GO analysis of upregulated genes, conducted using DAVID revealed no statistically significant terms within the categories GOTERM_BP_FAT or GOTERM_CC_FAT after Benjamini-Hochberg correction. Within the GOTERM_MF_FAT category, “cation binding” was significantly enriched (GO: 0043169, fold-enrichment = 2.75, q = 0.04). Genes contributing to this enrichment included RET, S100G, CHRNB3, TRPC3, CD93, EBF1, KCNA4, EBF3, RXFP1, SLC6A3, CALB2, NR4A2, ATP13A5, and TRIM16 suggesting that EB may be associated with molecular pathways related to cation binding. Downregulated genes were not significantly enriched under GOTERM_MF_FAT. However, there were many genes associated with GOTERM_BP_FAT and GOTERM_CC_FAT, and most of these genes were associated with reproductive processes (e.g., germ cell development and motility).
PVN—transcriptome-wide survey of DEGs and DAVID bioinformatics
TAC software identified 51 genes upregulated and 50 genes downregulated by EB and data for these genes are included in Additional file 4, tab b.

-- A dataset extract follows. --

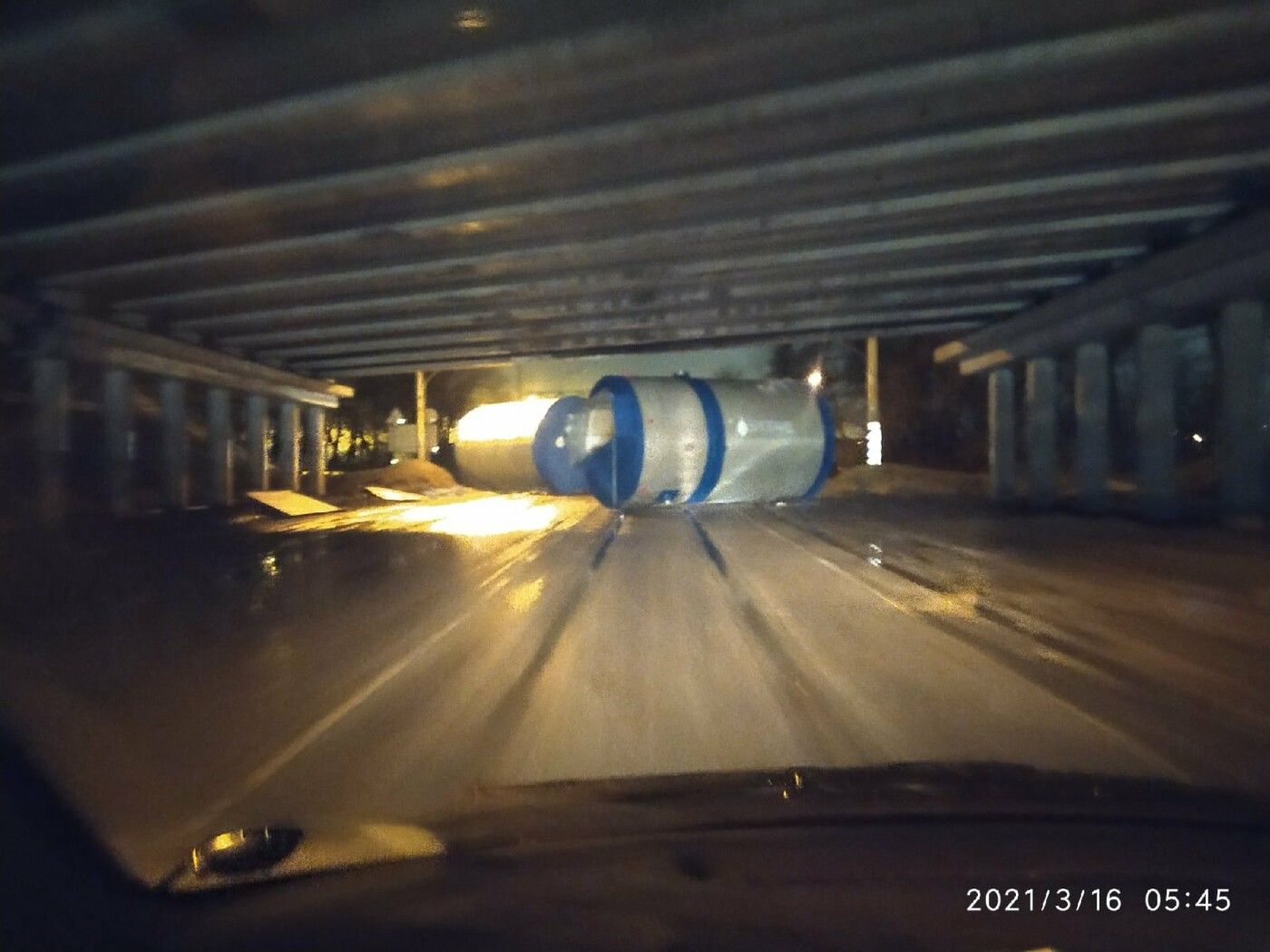 ДТП с участием грузовика произошло в ночь на 16 марта на 23-м километре трассы «Кола», на пересечении с Колтушским шоссе. Большегруз потерял бочки при попытке проехать под мостом. Уточняется, что в инциденте никто не пострадал, а цистерны были пустыми.

GO analysis of upregulated genes (Additional file 5, tab a), showed significant enrichment within all three major categories. Within GOTERM_BP_FAT, four groups were significantly enriched for regulation of biological quality, cell communication, neuropeptide signaling, and signaling. GO GOTERM_CC_FAT showed significant enrichment for cell junction, dense core granule, synapse, neuronal dense core vesicle, and secretory vesicle. Lastly, within GOTERM_MF_FAT, two groups were significantly enriched for neuropeptide receptor activity and neuropeptide Y receptor activity.
GO analysis of downregulated genes (Additional file 5, tab b) showed significant enrichment within the biological process and cellular component categories, but not in the molecular function category. Within enriched categories many groups are clearly associated with cell signaling.

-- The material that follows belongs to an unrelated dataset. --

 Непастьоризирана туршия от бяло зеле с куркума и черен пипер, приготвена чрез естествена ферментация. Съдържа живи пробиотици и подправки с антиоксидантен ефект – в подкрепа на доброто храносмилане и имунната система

NTS—transcriptome-wide survey of DEGs and DAVID bioinformatics.
TAC software identified 13 genes upregulated and 8 downregulated by EB treatment (Additional file 4, tab c). Only one gene, ankyrin repeat and SOCS box containing 15 (Asb15), met the significance threshold after FDR correction.

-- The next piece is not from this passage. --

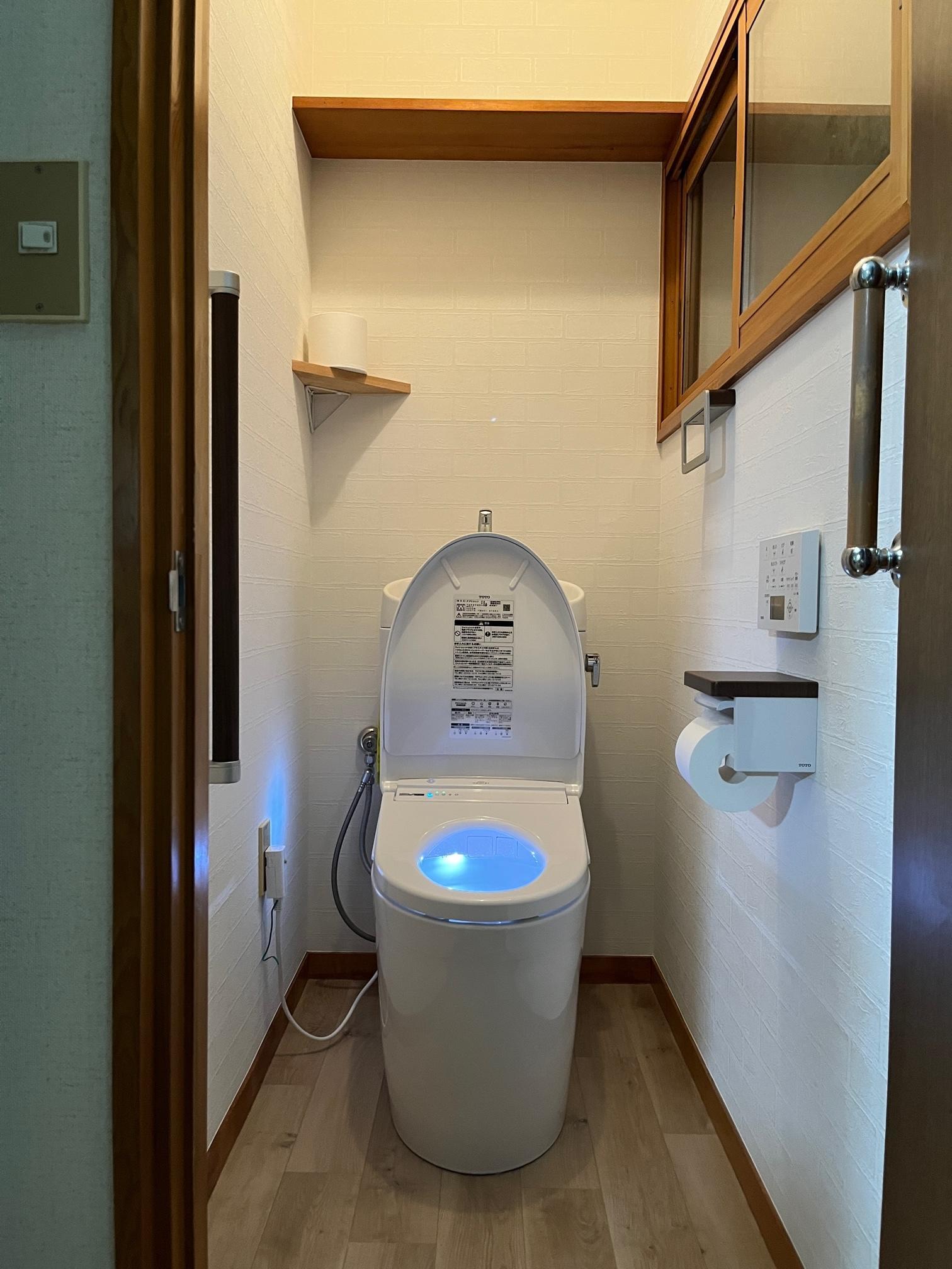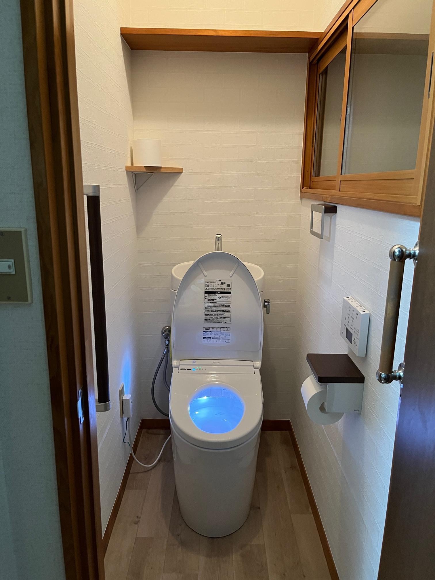トイレ改装工事のご依頼をいただきました。ご主人様はとても研究熱心な方でしたので、機種等はご主人様が選定されました。窓には冬の寒さ防止の為のLIXIL インプラスを設置しました。トイレペーパーを置く棚をコーナーに取付し、手をついても大丈夫なペーパーホルダーや手摺も壁面補強の上取付しました。

DAVID analysis of upregulated and downregulated genes showed no significant enrichment in either of the three GO categories.
Discussion
This study examined the effects of EB on gene expression in the ARC, PVN, and NTS, three brain regions involved in energy balance [12–14].
In the ARC, EB did not significantly alter Pomc expression, although a threefold decrease was observed with a medium effect size. Expression of key neuropeptides and their receptors in the ARC remained unchanged following EB treatment. This trend suggests possible physiological feedback suppression due to prolonged EB exposure (i.e., samples were collected 48 h after the second EB injection instead of at an earlier timepoint) [35–38]. GO analysis indicated enrichment in genes associated with cation binding, particularly those involved in ion transport, neurotransmission, and other intracellular signaling pathways. For instance, TRPC3 which was up-regulated by EB (Fold change = 2.7; unadjusted p-value = 0.02), is involved in calcium signaling [39]. While calcium is a well-established second messenger, its specific role in energy balance within the ARC remains unclear.
In the PVN, Npy1r expression was significantly increased in EB-treated animals, with a large effect size. Npy1r expression promotes feeding when it binds NPY in the LH. In the ARC, NPY inhibits POMC/CART neurons from activating the satiety center [10, 11]. The upregulation of Npy1r seems contradictory to the known anorexigenic effects of EB, and body weight was reduced, as expected based on previous work, in the EB-treated group of our study. This result may reflect time- and/or dose-dependent regulatory mechanisms. Though not statistically significant, expression of Oxt, Crh, and Trh was higher in the EB-treated group, these hormones are associated with decreased food intake and body weight. EB also increased expression of Avp, a gene of growing interest in satiety research [40–42]. GO analysis of PVN genes suggested that EB influences cell communication, for example by increasing expression of hormones and receptors that are involved in energy homeostasis (i.e. Oxt, Avp, Npy1r).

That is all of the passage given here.